▸ **Goal of the exercise**
Omitting all images, set down every line below exactly as it appears.

:: Dataset section ::

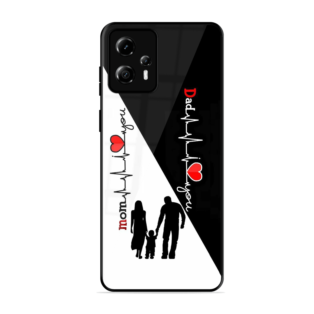 Tempered Glass Coated Metal Back Case for Motorola Moto G13 Mom & Dad
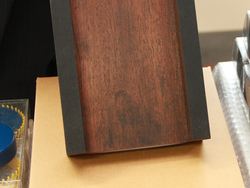 木曽工業は、電源BOX用オーディオボード「IP-22」や開発中であるインシュレーターなど、ゴム素材がベースの制振材「有機高分子ハイブリッドシート」を使用したアクセサリー製品を展示している。
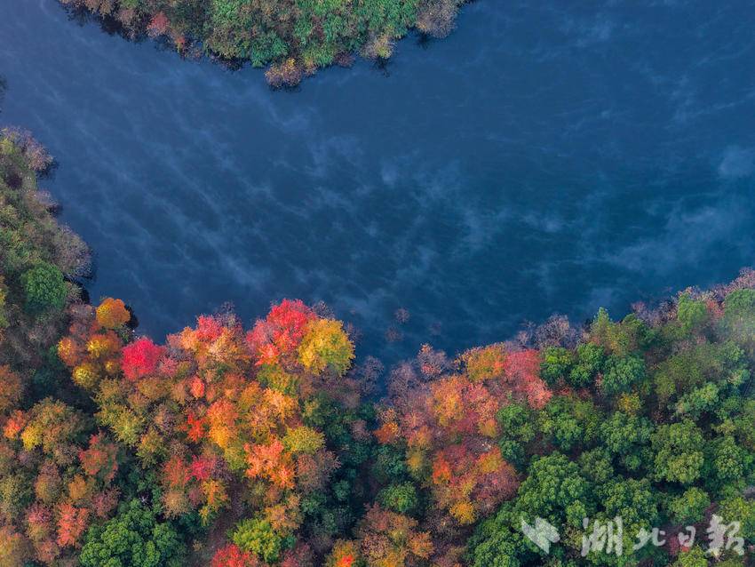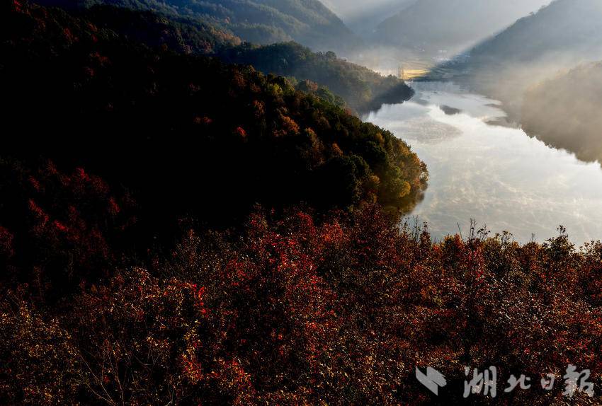 在蕲春县张塝镇塔林村的深山褶皱里,九龙潭大峡谷的终端藏着一处遗世景致——九潭湖水上红叶。
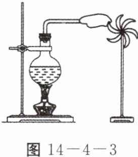 1. (多选)小林学习完热机后,利用厨房里的蒸蛋器自制了一个简易“蒸汽机”,如图 14 - 4 - 2 所示。在使用过程中蒸蛋器会通过上方的小孔喷出蒸汽,小林将自制的风车放在蒸蛋器上方,成功地让风车转了起来。下列说法正确的是(

:::

▸ **Solution for this problem**
 Tempered Glass Coated Metal Back Case for Motorola Moto G13 Mom & Dad
 木曽工業は、電源BOX用オーディオボード「IP-22」や開発中であるインシュレーターなど、ゴム素材がベースの制振材「有機高分子ハイブリッドシート」を使用したアクセサリー製品を展示している。
 在蕲春县张塝镇塔林村的深山褶皱里,九龙潭大峡谷的终端藏着一处遗世景致——九潭湖水上红叶。
 1. (多选)小林学习完热机后,利用厨房里的蒸蛋器自制了一个简易“蒸汽机”,如图 14 - 4 - 2 所示。在使用过程中蒸蛋器会通过上方的小孔喷出蒸汽,小林将自制的风车放在蒸蛋器上方,成功地让风车转了起来。下列说法正确的是(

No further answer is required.